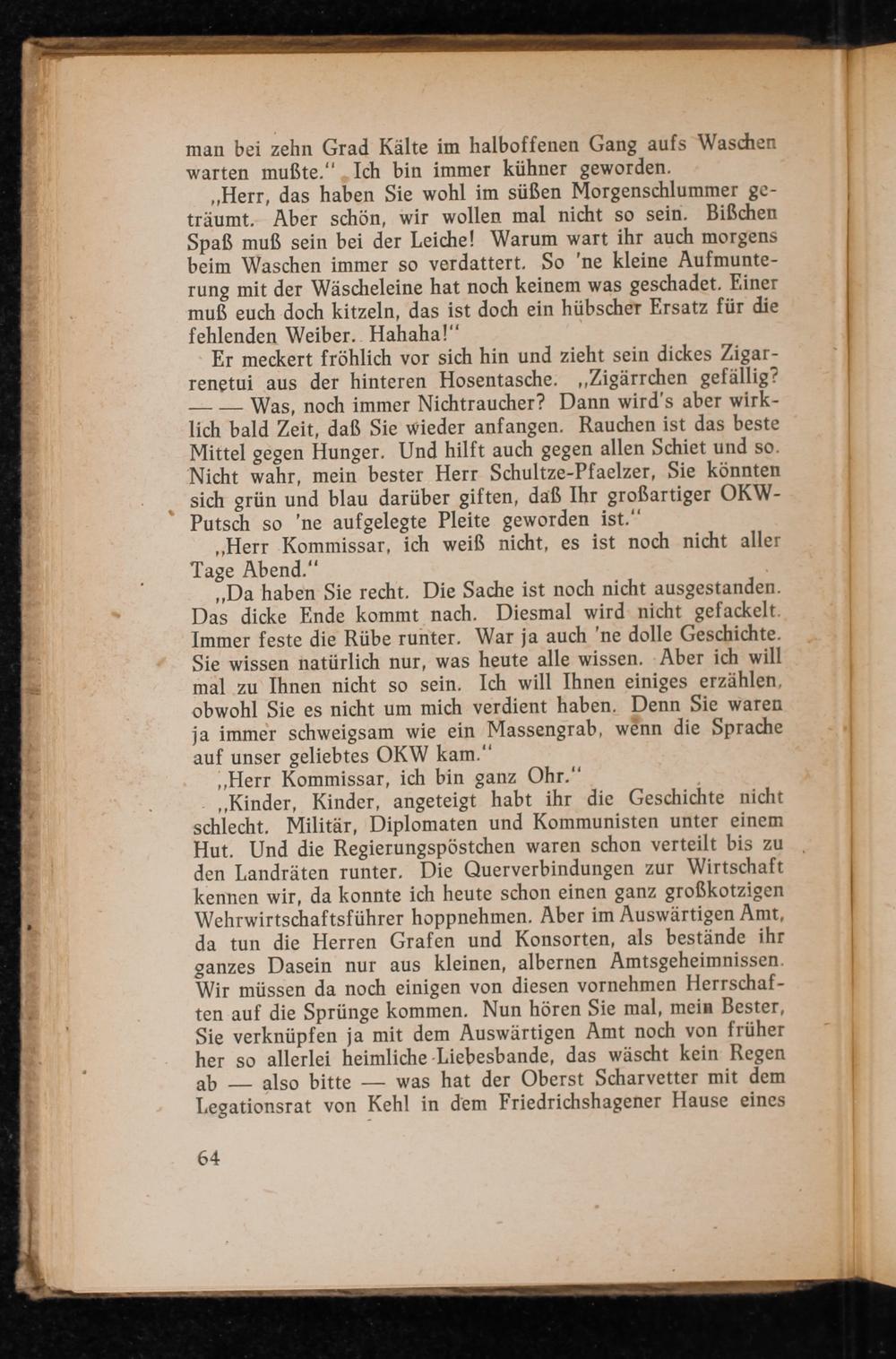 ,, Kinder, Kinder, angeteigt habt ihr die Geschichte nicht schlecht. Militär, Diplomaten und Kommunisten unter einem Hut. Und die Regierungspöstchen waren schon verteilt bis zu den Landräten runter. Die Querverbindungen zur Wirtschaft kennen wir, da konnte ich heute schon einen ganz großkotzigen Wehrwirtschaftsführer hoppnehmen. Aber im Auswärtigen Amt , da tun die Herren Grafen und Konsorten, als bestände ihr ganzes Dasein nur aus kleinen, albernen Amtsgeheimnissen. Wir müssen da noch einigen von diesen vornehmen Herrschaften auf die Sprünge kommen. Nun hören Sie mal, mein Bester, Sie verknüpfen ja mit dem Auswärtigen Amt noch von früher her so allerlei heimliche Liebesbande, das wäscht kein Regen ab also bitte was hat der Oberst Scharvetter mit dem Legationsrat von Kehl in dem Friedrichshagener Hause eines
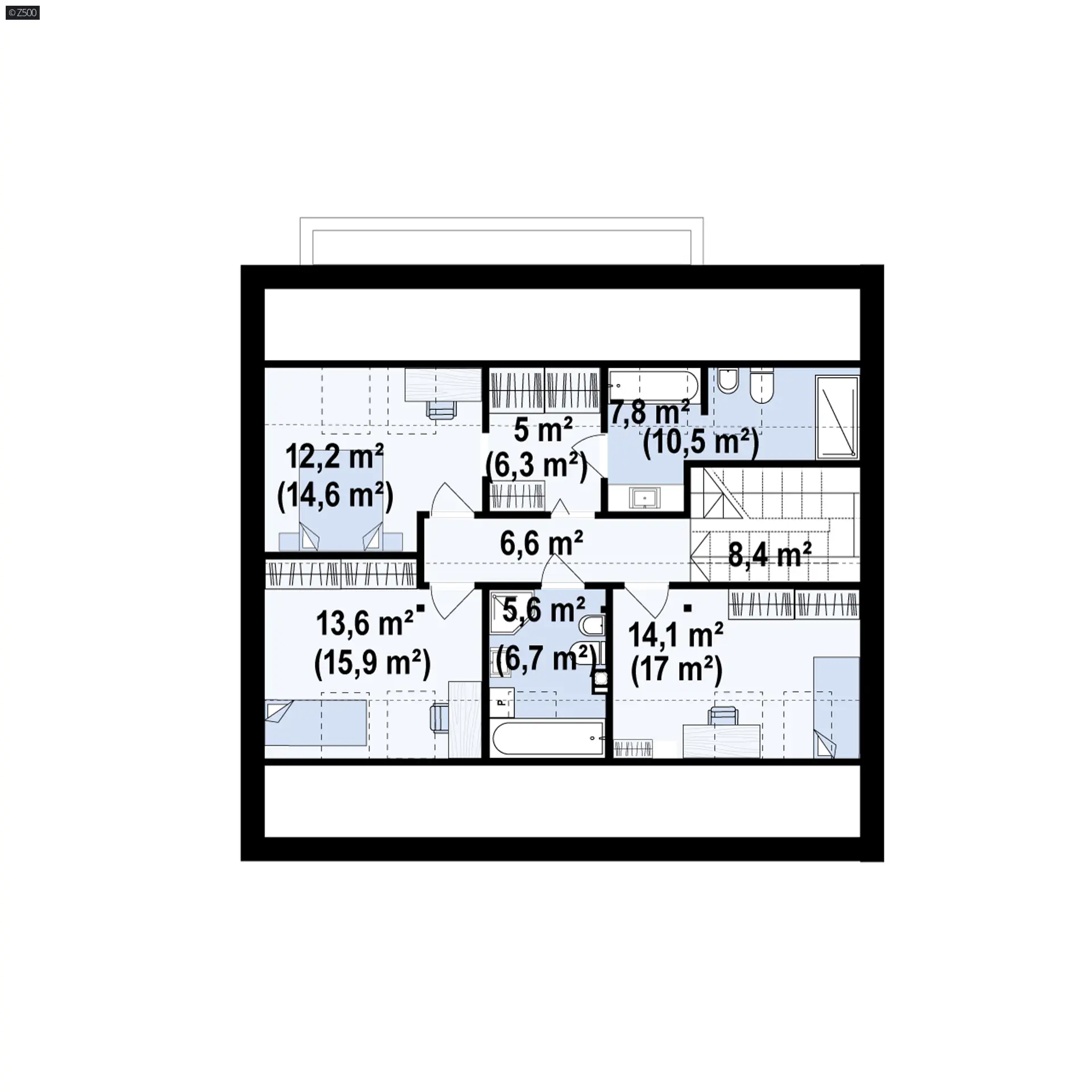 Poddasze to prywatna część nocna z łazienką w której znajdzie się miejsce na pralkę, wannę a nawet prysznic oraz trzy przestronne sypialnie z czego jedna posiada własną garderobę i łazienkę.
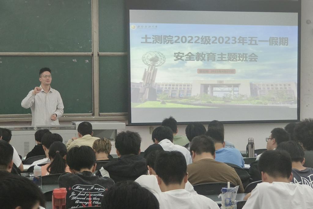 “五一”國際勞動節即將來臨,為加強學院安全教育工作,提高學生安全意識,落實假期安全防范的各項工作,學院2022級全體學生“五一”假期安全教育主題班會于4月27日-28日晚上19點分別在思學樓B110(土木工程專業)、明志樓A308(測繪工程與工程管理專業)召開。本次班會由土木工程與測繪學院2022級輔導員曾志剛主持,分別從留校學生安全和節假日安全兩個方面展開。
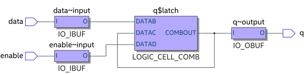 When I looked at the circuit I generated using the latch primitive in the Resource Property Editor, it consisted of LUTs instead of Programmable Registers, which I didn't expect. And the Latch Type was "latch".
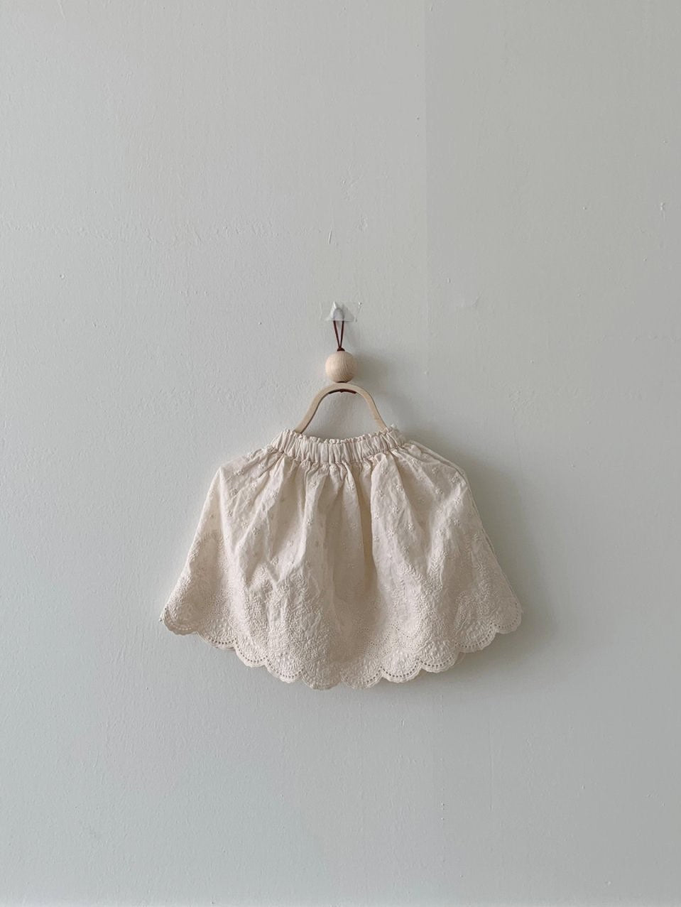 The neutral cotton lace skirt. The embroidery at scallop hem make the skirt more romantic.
* * * * *
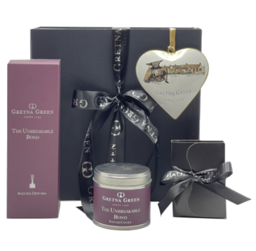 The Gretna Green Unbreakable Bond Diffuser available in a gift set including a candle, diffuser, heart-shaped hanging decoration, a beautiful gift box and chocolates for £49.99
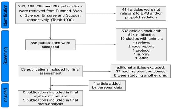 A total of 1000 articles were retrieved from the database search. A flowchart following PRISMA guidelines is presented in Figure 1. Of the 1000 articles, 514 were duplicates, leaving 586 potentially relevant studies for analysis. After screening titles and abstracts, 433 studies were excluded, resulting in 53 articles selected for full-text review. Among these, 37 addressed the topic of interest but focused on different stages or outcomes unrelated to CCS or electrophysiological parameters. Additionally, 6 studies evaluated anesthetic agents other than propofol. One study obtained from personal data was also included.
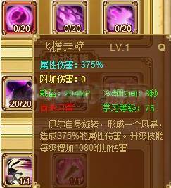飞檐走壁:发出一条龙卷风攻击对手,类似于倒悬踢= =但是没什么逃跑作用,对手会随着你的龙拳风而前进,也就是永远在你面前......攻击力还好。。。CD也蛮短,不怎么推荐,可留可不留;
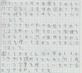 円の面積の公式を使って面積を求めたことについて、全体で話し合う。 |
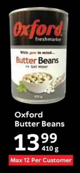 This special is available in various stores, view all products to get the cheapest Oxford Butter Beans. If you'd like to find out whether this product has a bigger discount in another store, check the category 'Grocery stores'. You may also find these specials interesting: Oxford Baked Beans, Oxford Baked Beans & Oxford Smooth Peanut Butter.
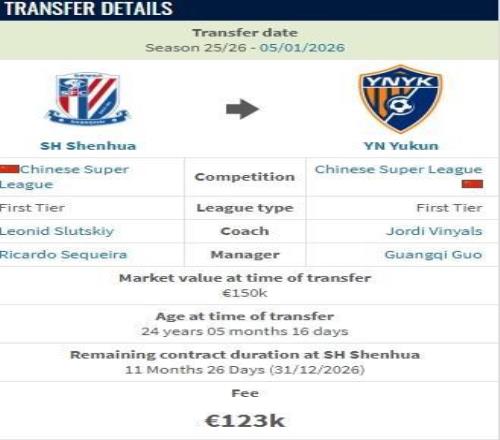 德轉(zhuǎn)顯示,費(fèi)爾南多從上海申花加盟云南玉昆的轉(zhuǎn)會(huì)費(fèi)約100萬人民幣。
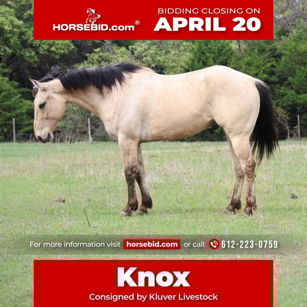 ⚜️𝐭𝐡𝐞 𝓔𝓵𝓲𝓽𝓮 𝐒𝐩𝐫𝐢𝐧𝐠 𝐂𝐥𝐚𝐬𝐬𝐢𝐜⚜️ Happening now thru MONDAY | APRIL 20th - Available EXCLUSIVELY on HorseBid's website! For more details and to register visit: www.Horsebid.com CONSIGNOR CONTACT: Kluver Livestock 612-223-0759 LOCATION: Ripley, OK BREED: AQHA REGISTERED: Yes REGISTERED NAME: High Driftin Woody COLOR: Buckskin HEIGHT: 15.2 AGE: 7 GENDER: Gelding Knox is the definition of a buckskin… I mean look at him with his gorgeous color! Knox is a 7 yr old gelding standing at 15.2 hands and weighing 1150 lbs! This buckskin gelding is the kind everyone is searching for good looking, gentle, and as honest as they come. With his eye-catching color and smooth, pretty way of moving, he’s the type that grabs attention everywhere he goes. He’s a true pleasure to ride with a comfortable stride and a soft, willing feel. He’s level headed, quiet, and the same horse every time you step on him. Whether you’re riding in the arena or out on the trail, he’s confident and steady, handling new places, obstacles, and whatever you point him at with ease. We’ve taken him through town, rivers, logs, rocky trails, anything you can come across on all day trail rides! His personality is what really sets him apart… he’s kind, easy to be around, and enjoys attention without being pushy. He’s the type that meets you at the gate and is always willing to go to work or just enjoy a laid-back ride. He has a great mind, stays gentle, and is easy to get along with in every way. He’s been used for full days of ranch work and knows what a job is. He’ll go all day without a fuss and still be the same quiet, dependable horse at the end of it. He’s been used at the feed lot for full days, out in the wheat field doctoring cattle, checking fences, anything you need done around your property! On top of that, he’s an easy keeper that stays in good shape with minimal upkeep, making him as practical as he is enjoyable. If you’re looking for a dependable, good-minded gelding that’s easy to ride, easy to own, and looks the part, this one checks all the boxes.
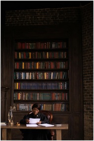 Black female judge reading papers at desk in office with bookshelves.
* * * * *
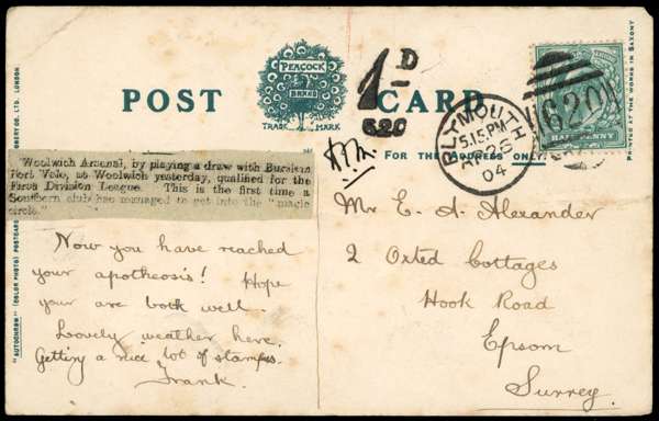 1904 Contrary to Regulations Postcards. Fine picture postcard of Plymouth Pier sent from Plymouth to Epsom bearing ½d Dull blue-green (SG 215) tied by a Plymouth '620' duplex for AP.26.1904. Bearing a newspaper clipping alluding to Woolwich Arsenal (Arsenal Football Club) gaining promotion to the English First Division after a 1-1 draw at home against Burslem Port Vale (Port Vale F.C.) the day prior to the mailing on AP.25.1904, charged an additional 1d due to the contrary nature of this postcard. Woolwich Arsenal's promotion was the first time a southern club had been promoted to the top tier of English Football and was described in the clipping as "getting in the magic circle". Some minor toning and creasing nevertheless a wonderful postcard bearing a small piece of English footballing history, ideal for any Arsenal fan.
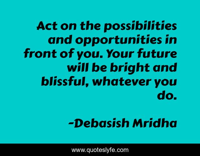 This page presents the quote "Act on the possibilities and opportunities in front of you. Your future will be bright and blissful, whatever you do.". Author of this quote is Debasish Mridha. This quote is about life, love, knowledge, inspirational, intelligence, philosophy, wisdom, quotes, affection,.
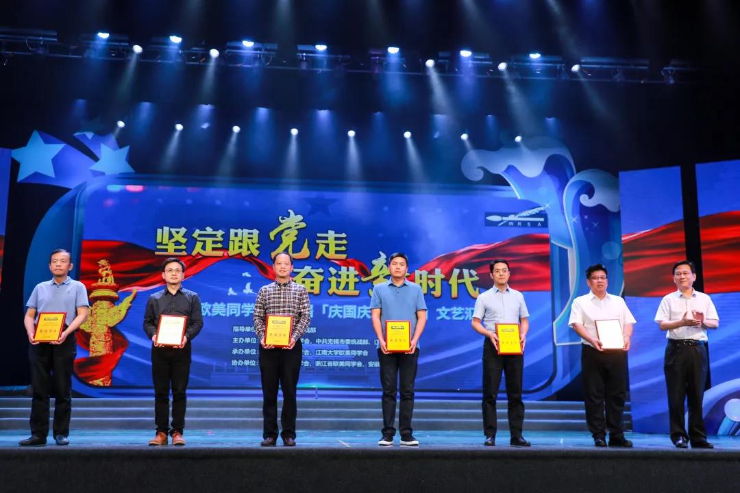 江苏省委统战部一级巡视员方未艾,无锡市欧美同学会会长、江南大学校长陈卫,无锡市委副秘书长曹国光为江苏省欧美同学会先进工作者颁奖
* * * * *
> [Exercise instructions]
Starting with the line that has "Poddasze to prywatna" and going on through the line that has "The neutral cotton", transcribe the records above exactly, but skip the pictures.

> [Solution]
 Poddasze to prywatna część nocna z łazienką w której znajdzie się miejsce na pralkę, wannę a nawet prysznic oraz trzy przestronne sypialnie z czego jedna posiada własną garderobę i łazienkę.
 “五一”國際勞動節即將來臨,為加強學院安全教育工作,提高學生安全意識,落實假期安全防范的各項工作,學院2022級全體學生“五一”假期安全教育主題班會于4月27日-28日晚上19點分別在思學樓B110(土木工程專業)、明志樓A308(測繪工程與工程管理專業)召開。本次班會由土木工程與測繪學院2022級輔導員曾志剛主持,分別從留校學生安全和節假日安全兩個方面展開。
 When I looked at the circuit I generated using the latch primitive in the Resource Property Editor, it consisted of LUTs instead of Programmable Registers, which I didn't expect. And the Latch Type was "latch".
 The neutral cotton lace skirt. The embroidery at scallop hem make the skirt more romantic.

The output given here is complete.